USDC spreads USD hegemony instantly and globally without needing local bank accounts, correspondent banking, or permissioned infrastructure. It’s a frictionless “dollar export,” usable by anyone with an internet connection.
The network effect is already there. There are hundreds of stablecoins now: PayPal USD, FDUSD, USD1, USDe, and plenty more. So it is a relatively safe bet on stablecoin growths
However, it is a very smart bet if you correctly construct a portfolio with it and hedge interest rate decisions.
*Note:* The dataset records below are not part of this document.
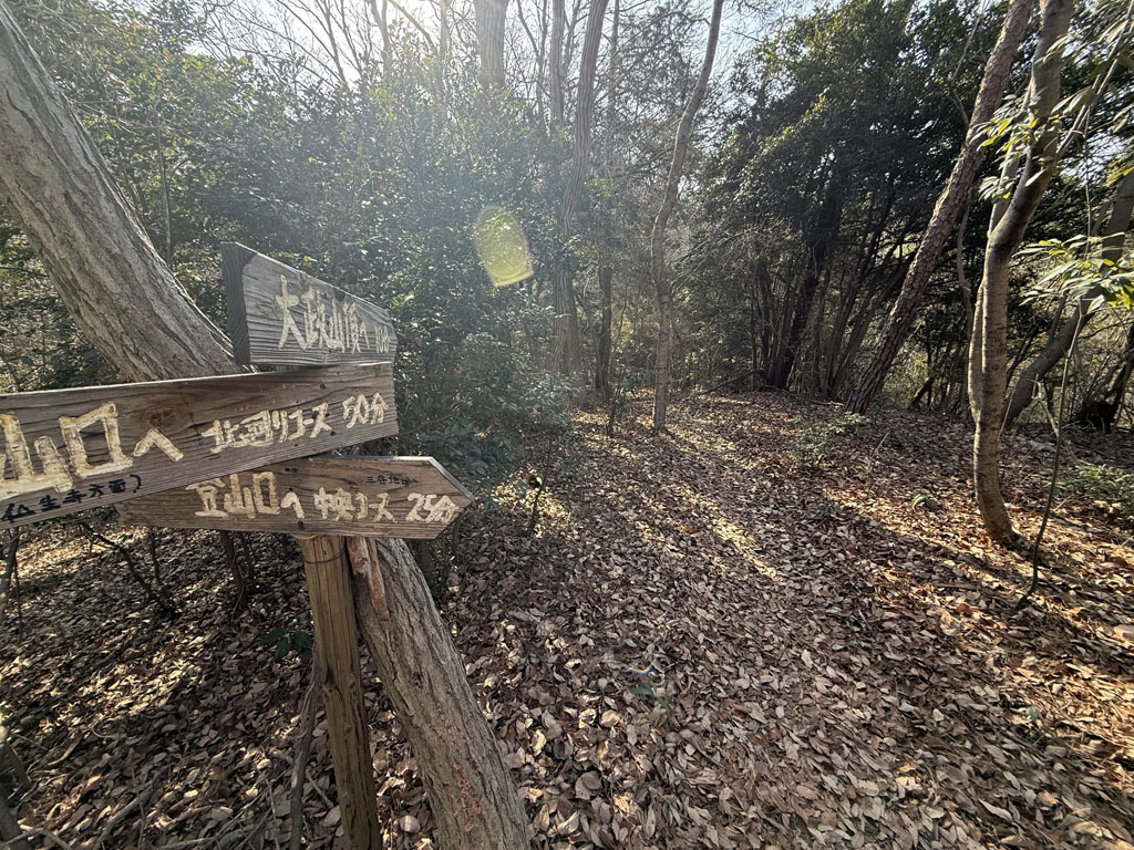 私はここで息が上がり呼吸を整えながら歩くと山頂に着きました。山頂は広葉樹に覆われ眺望はありませんが、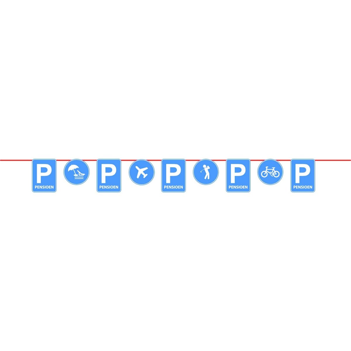 Pension Parkeringsskylt Flagglina - 10 meter. Innehåll: 1 flagglina. Färg: Blå. Produkttema: Pensionering. Kan t.ex. användas under följande fest/festtillfällen: Förtidspensionering/pensionering. Denna girlang är 10 meter lång. Artikeln är tillverkad av papper.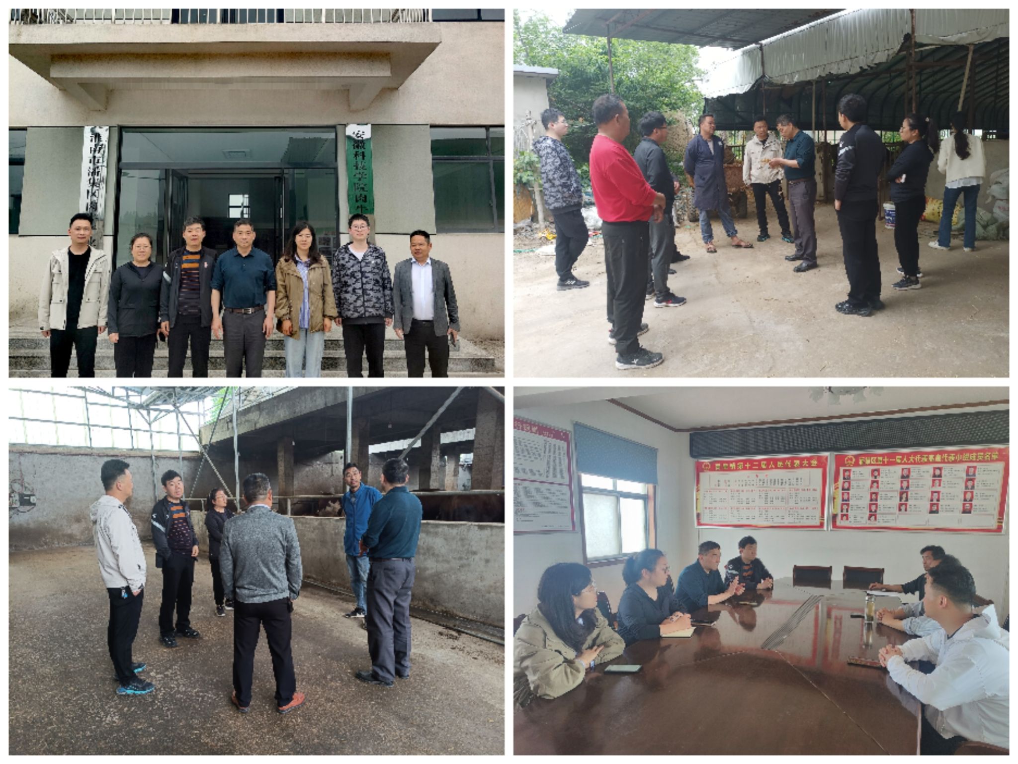 为加快推进我校与潘集区人民政府已谋划落实的肉牛产业创新研发项目实施,4月27日至28日,动物科学学院庞训胜教授协同项目组成员李文超教授、胡倩倩副教授、王世琴博士等一行5人,赴潘集区开展实地调研,在区农业农村局主要领导和畜牧兽医服务中心主任朱亮等同志的陪同下,深入乡镇一线肉牛养殖场,开展技术服务和项目实施工作交流。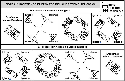 Cuando llega la Biblia a la cultura de la región X, se seleccionan preferentemente las porciones X1, X2 y X3 de la revelación. La porción X1 se mezcla con la Filosofía X para formar la Teología X, la porción X2 pasa a formar la Doctrina X, y la porción X3 se mezcla con las Costumbres Sociales X para formar la Tradición X. Estos tres elementos, la Teología X, la Doctrina X, y la Tradición X constituyen la forma como la Cultura X interpreta la Biblia, y esta Enseñanza X ocasiona una Forma de Vivir X, una Forma de Adorar X, y una Estructura Organizacional X. En el segundo renglón de esa tabla se muestra que algo semejante sucede cuando llega la Biblia a la Cultura Y. Para el año 300 ésta tabla ya tenía más de diez renglones.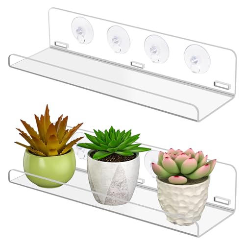 Fönsterväxthyllor, 2 stycken sugkoppshyllor för växter fönster 30 cm, växtstativ för fönster med 8 sugkoppar, transparent hylla sugkopp, vägghylla för inomhusträdgårdar, inomhusväxter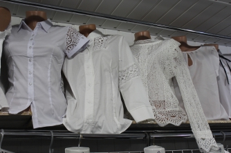 Цены, естественно, очень разные. Скромная футболочка с тонкой полосой кружева – от 100 грн. Классическая школьная блуза – от 230 грн. Ну а за стильные рубахи, экстравагантные блузоны и гипюровые наряды просят и 600-800 грн.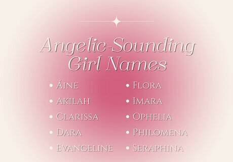 Giving your baby girl a name that symbolizes angelic qualities, like “wisdom” and strength,” is a great alternative to choosing a name that means “angel.” Or, choose a name that just sounds angelic. Check out these great ideas: Áine: “Radiance” or “brightness,” Irish origin. Akilah: “Intelligent” or “wise,” Arabic origin. Clarissa: “Bright” or “clear,” Latin origin. Dara: “Pearl of wisdom,” Hebrew origin. Evangeline: “Bearer of good news,” Greek origin. Flora: “Flower,” Latin origin. Imara: “Strong” or “steadfast,” Swahili origin. Ophelia: “Help” or “advantage,” Greek origin. Philomena: “Beloved” or “lover of strength,” Greek origin. Seraphina: “Fiery ones,” Latin origin.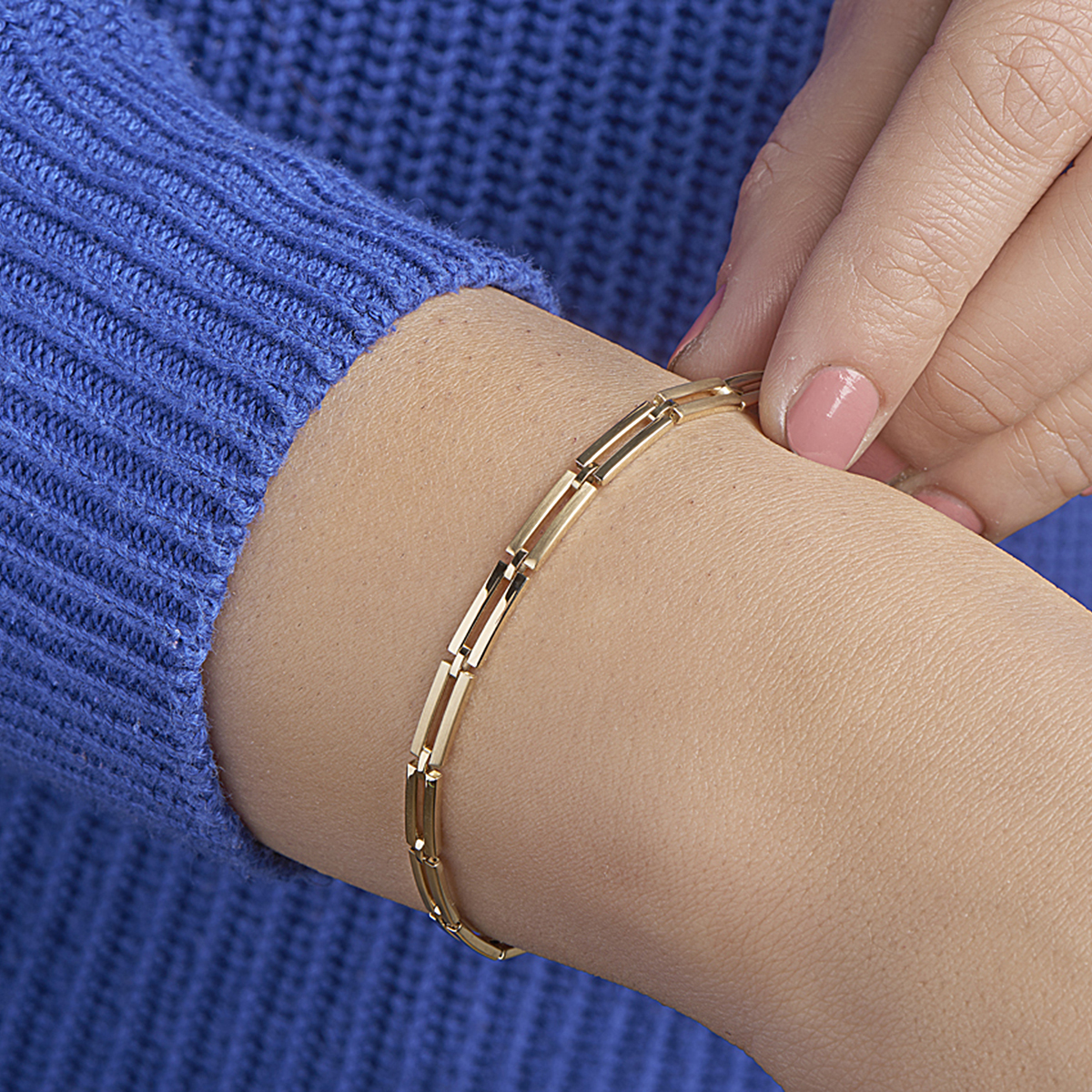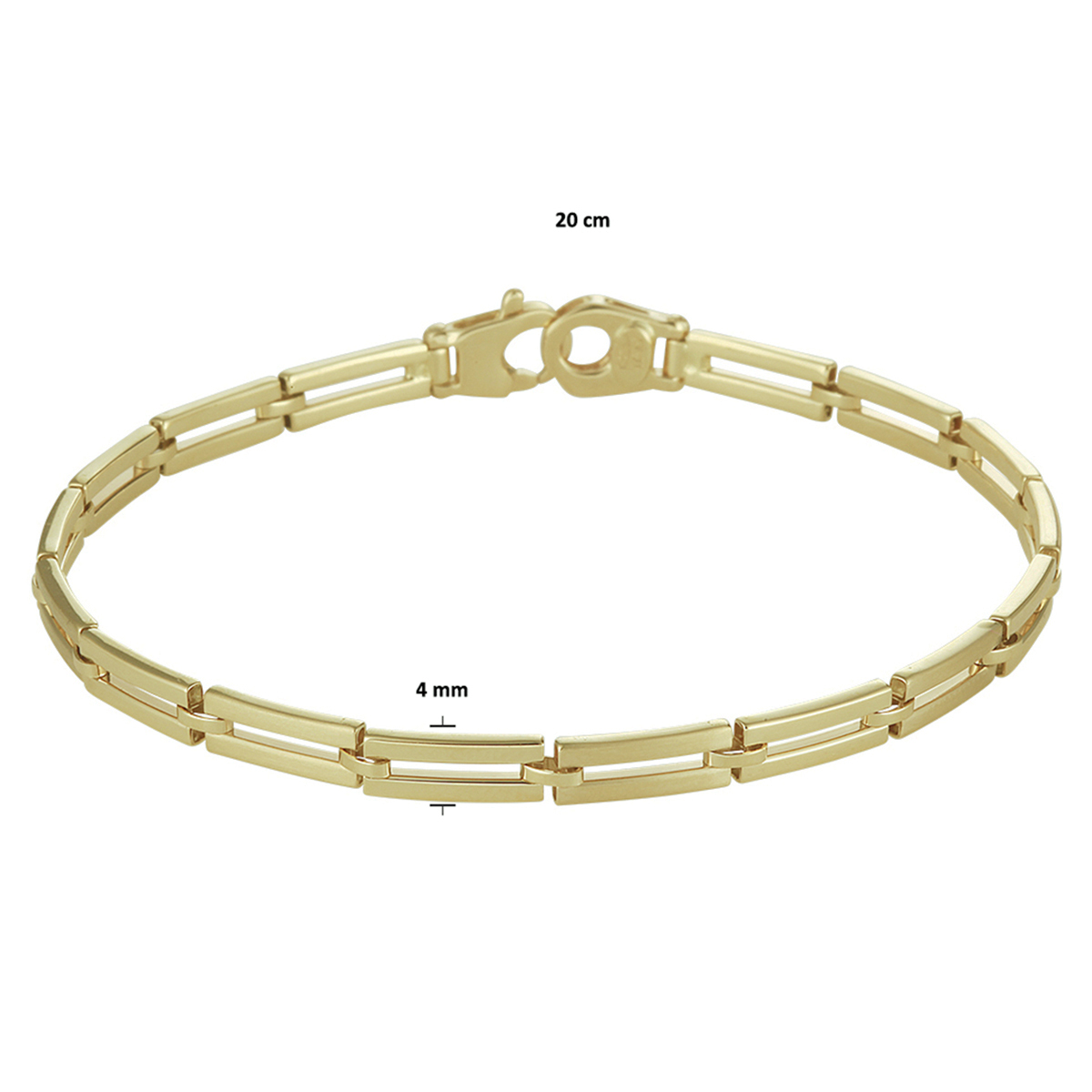 14k Geelgouden armband uitgevoerd met een stevige karabijn sluiting. De armband heeft een draaglengte van 20cm en is poli/mat afgewerkt.

If rates continue to go down and the economy runs hot, BTC and other risk assets are likely to continue to grow
If, however, we see a right hike down the future, risk assets will sell off while the stock is likely to grow because of the expanded supply of USDC and revenue..
Investors looking at Circle today are essentially underwriting a binary outcome: either USDC becomes the de facto “HTTP for Money”, a global settlement layer that captures trillions in volume and makes interest rate cycles irrelevant, or it gets commoditised as money-centre banks (JPMorgan, Citi) use regulation like the GENIUS Act to launch insured stablecoins and crush margins.
We think both camps are wrong.
“HTTP for Money” is a massive ask, and in finance, the winner rarely takes all. Smart institutions and large holders will always diversify. The most likely endgame is a world with 3–4 dominant stablecoins, not one.
But the commoditisation argument misses the reality on the ground: Circle is already deeply embedded. USDC has real network effects, real integrations across DeFi and TradFi, and is widely viewed as the safest stablecoin among crypto-natives. That kind of positioning isn’t easy to replicate overnight, even for banks.
That’s why we think CRCL is a solid bet, especially as a defensive growth position inside a crypto-dominated portfolio.